TASK DESCRIPTION: Required from the data below: the exact lines starting at the line containing "Inductiekookplaat, afzuigkap, vaatwasser, enkele" and ending at the line containing "本研究为解析五加科近缘植物间", with both ends kept and all pictures dropped.

EXTRACTED MATERIAL:
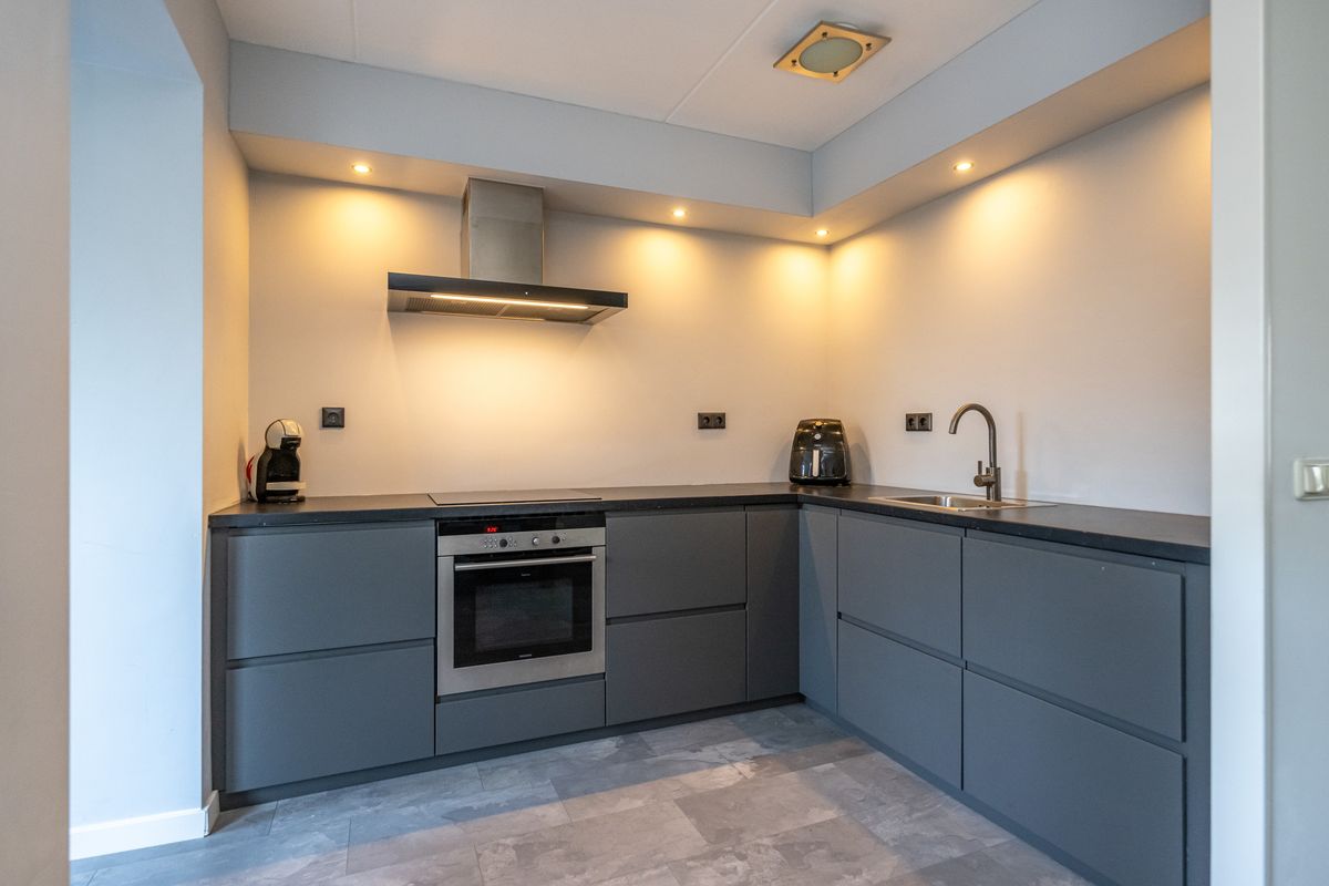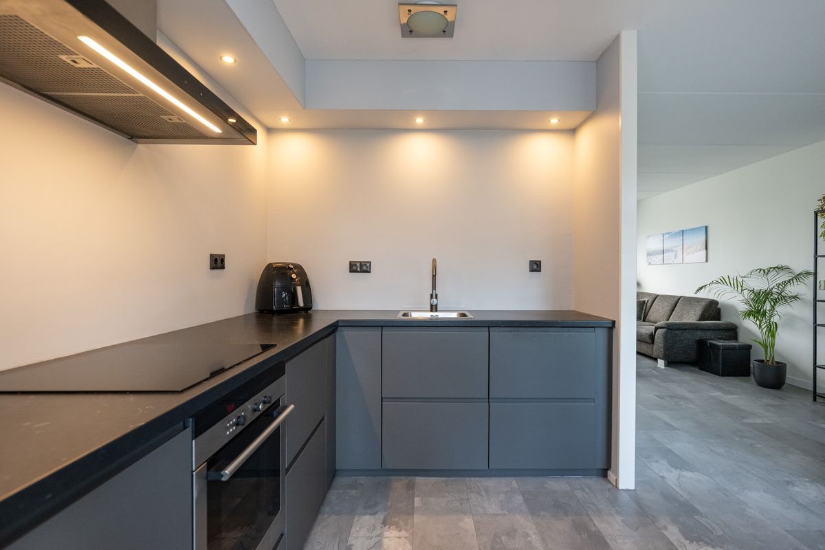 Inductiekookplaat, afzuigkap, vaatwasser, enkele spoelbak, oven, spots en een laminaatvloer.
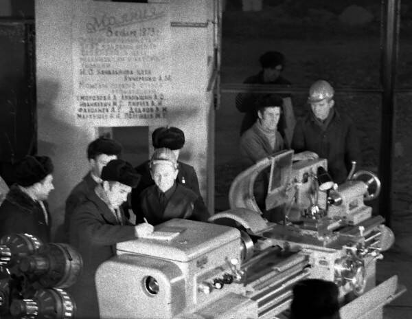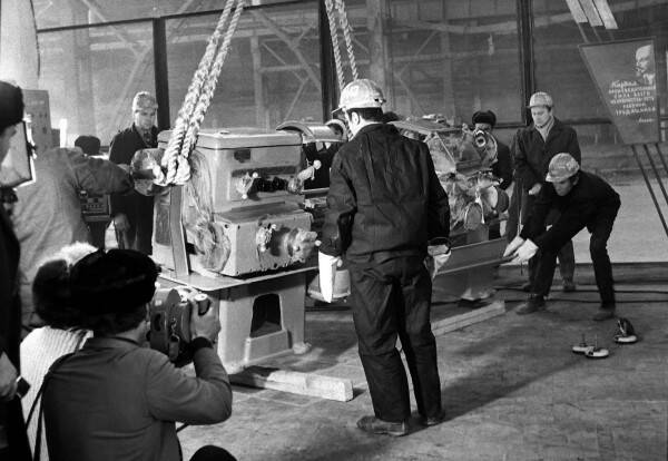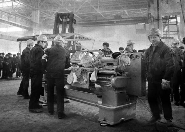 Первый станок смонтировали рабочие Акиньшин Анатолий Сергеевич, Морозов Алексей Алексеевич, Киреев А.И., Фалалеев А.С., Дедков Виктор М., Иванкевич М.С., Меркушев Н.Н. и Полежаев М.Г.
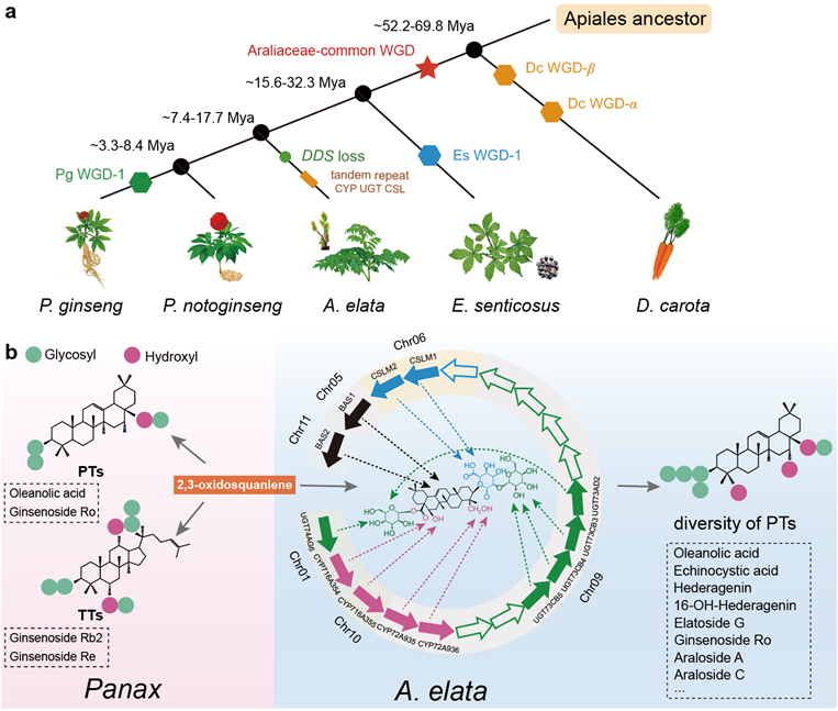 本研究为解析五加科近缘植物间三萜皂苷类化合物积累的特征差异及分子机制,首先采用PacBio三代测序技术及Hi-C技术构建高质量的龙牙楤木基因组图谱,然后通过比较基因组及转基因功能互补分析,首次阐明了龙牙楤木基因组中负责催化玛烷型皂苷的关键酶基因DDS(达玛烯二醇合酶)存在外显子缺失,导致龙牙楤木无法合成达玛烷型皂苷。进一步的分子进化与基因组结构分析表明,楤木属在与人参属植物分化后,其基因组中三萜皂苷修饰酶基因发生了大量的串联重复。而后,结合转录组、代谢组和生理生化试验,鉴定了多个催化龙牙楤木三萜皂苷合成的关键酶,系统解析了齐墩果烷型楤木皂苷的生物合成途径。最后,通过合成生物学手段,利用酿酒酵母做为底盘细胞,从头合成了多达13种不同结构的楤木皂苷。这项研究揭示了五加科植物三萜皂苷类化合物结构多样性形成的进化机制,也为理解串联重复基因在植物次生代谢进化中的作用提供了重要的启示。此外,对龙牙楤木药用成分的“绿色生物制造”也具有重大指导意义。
* * *
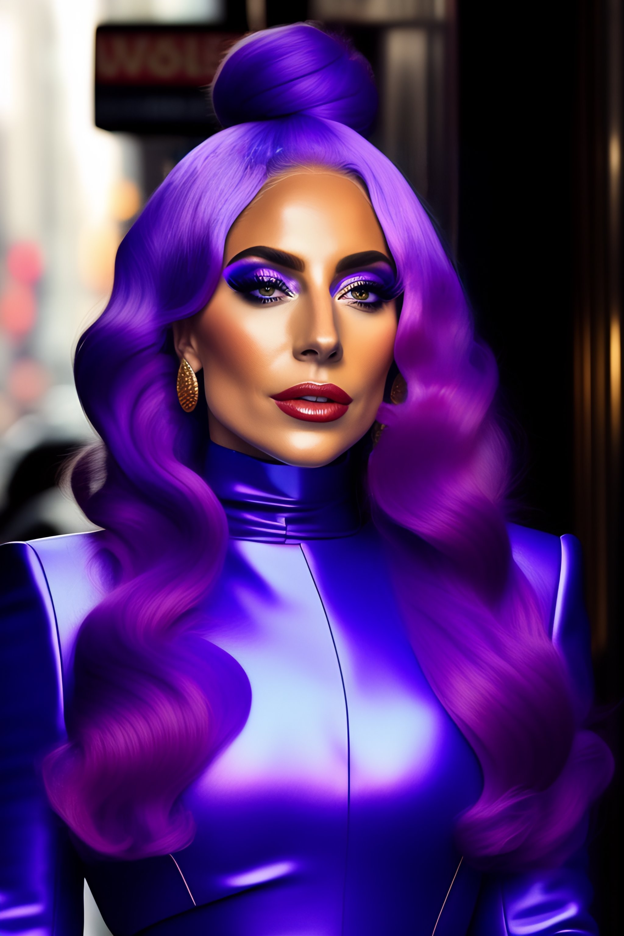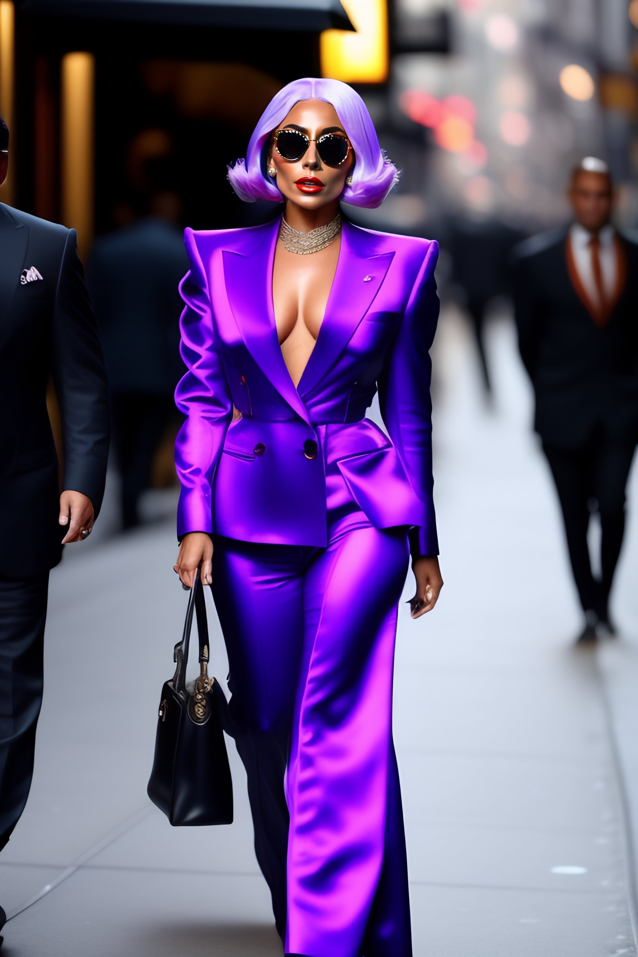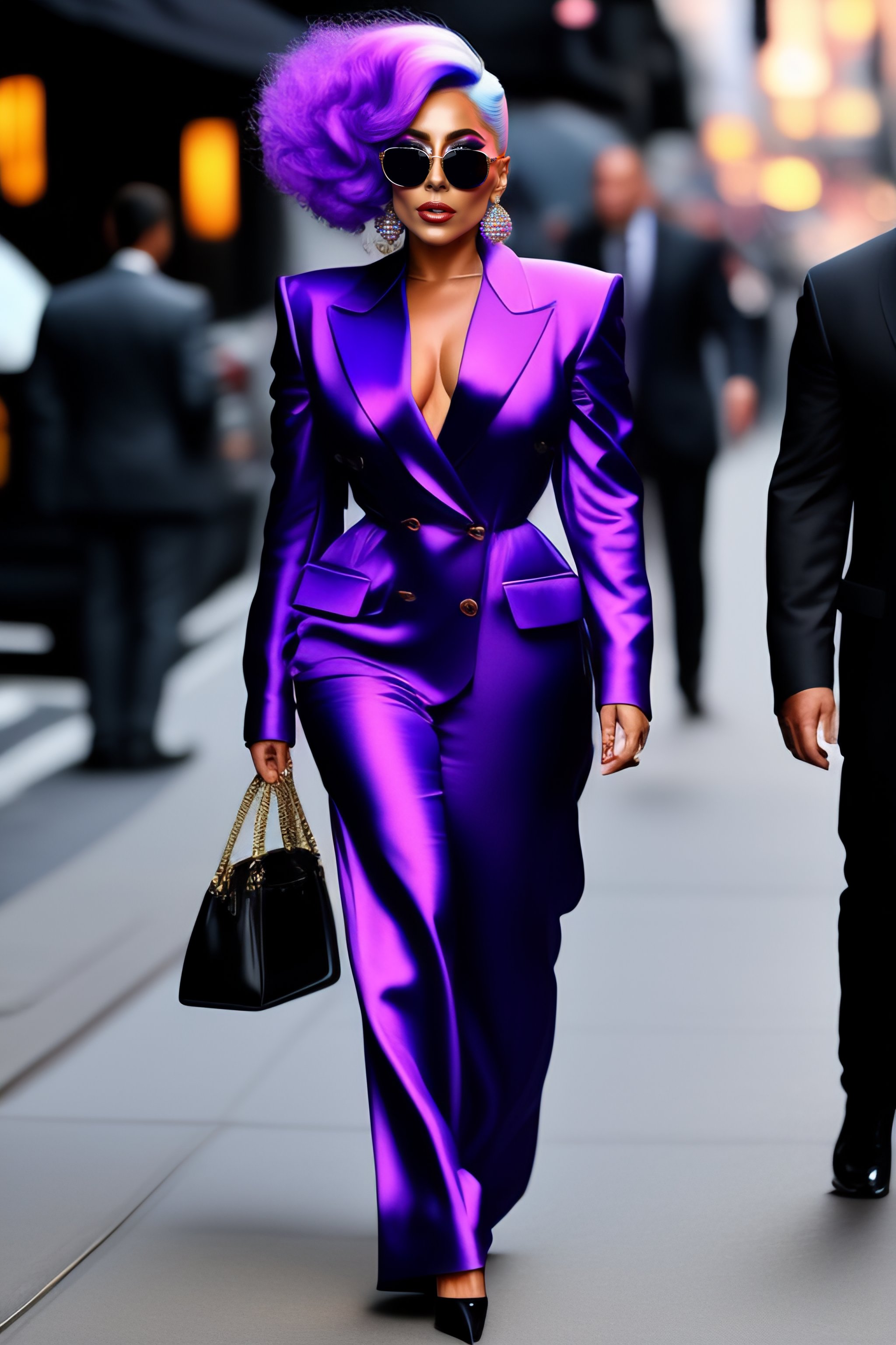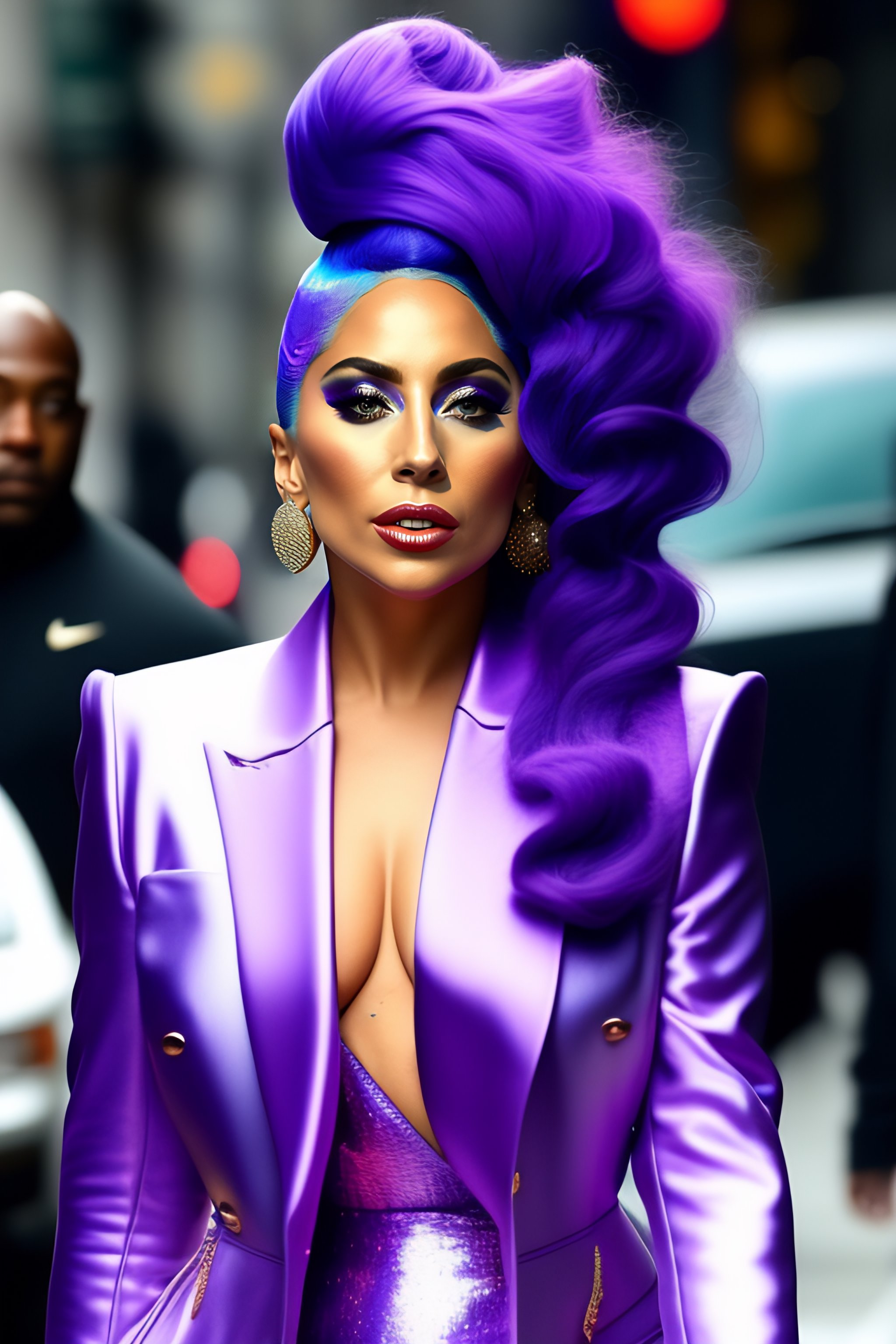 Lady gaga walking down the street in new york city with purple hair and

TASK RESPONSE:
 Inductiekookplaat, afzuigkap, vaatwasser, enkele spoelbak, oven, spots en een laminaatvloer.
 Первый станок смонтировали рабочие Акиньшин Анатолий Сергеевич, Морозов Алексей Алексеевич, Киреев А.И., Фалалеев А.С., Дедков Виктор М., Иванкевич М.С., Меркушев Н.Н. и Полежаев М.Г.
 本研究为解析五加科近缘植物间三萜皂苷类化合物积累的特征差异及分子机制,首先采用PacBio三代测序技术及Hi-C技术构建高质量的龙牙楤木基因组图谱,然后通过比较基因组及转基因功能互补分析,首次阐明了龙牙楤木基因组中负责催化玛烷型皂苷的关键酶基因DDS(达玛烯二醇合酶)存在外显子缺失,导致龙牙楤木无法合成达玛烷型皂苷。进一步的分子进化与基因组结构分析表明,楤木属在与人参属植物分化后,其基因组中三萜皂苷修饰酶基因发生了大量的串联重复。而后,结合转录组、代谢组和生理生化试验,鉴定了多个催化龙牙楤木三萜皂苷合成的关键酶,系统解析了齐墩果烷型楤木皂苷的生物合成途径。最后,通过合成生物学手段,利用酿酒酵母做为底盘细胞,从头合成了多达13种不同结构的楤木皂苷。这项研究揭示了五加科植物三萜皂苷类化合物结构多样性形成的进化机制,也为理解串联重复基因在植物次生代谢进化中的作用提供了重要的启示。此外,对龙牙楤木药用成分的“绿色生物制造”也具有重大指导意义。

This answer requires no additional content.